Next up, a team of scientists writing in Nature have found a new way to modify a large family of receptors, allowing them to drive a huge range of cell behaviours using a single platform. There are around 30 trillion cells in the human body. And for those cells to do their jobs properly, whether that's detecting light, fighting off pathogens or secreting hormones, they need to be able to sense what's going on around them so they can respond in the appropriate way.

Crucial to this are a vast group of proteins called cell surface receptors, which allow things in the environment outside the cell to drive specific processes inside the cell.

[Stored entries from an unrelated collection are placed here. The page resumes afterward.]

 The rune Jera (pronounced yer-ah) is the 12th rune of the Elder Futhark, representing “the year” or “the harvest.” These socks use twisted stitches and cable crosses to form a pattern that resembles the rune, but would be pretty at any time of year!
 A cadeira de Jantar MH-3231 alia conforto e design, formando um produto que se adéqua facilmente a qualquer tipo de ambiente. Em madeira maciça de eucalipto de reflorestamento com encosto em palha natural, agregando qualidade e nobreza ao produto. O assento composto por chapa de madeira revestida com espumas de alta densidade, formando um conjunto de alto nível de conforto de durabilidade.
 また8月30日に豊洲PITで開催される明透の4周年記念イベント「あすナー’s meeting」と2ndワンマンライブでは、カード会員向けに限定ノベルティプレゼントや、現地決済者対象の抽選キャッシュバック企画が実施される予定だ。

Synthetic biologists have long been interested in producing their own cell surface receptors as a way to reprogram cell behaviour to their own ends, including new therapeutics. And now the team believes that they have done it for a huge family of these receptors –

G-protein coupled receptors, or GPCRs. Reporter Anand Jagatia spoke to co-first author Nick Kalagropoulos about the work.

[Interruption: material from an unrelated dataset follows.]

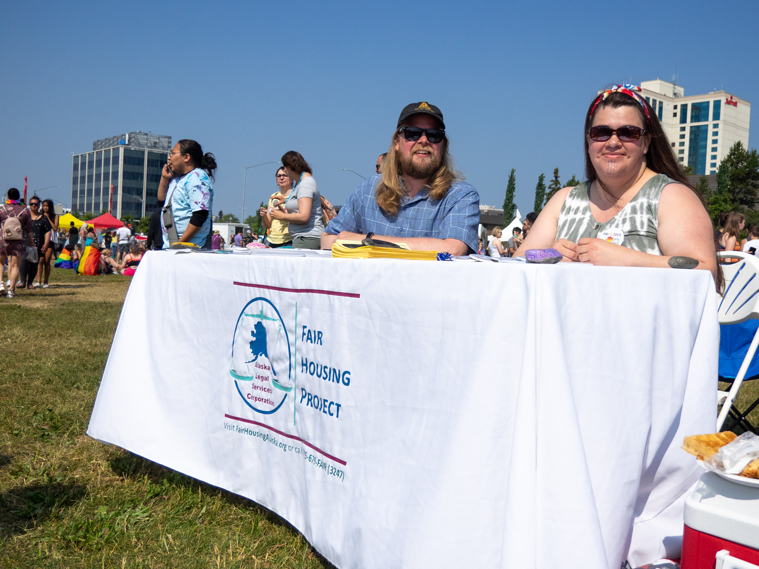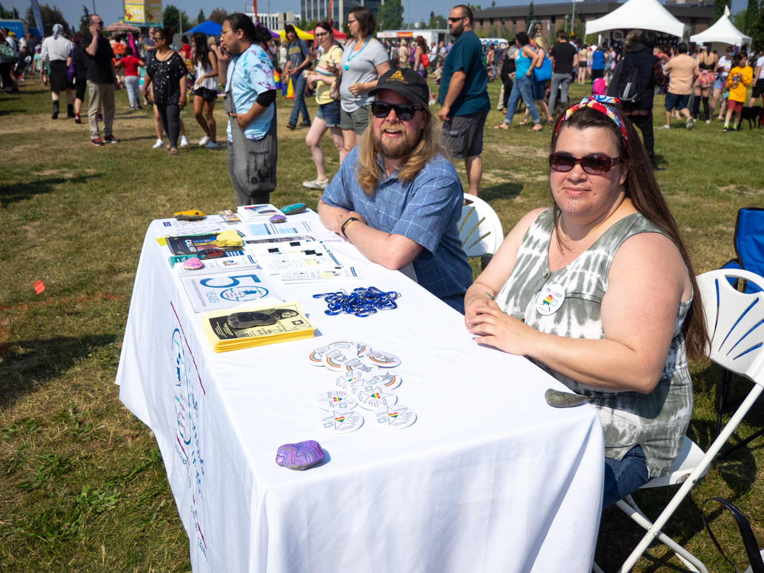 Dan Coons and Natasha Gamache doing Education and Outreach at the Anchorage PrideFest!

and started by asking him about the kinds of things you can do with an engineered cell surface receptor. The major example would be synthetic receptors based off T cell receptors. So they're expressed in T cells, and T cells, they're a major immune cell in the body. And by creating synthetic receptors, we're able to reprogram those receptors to recognize tumor antigens expressed on tumor cells that they otherwise wouldn't have been able to recognize. And so there's been a lot of progress in the sort of the cancer space for therapeutics.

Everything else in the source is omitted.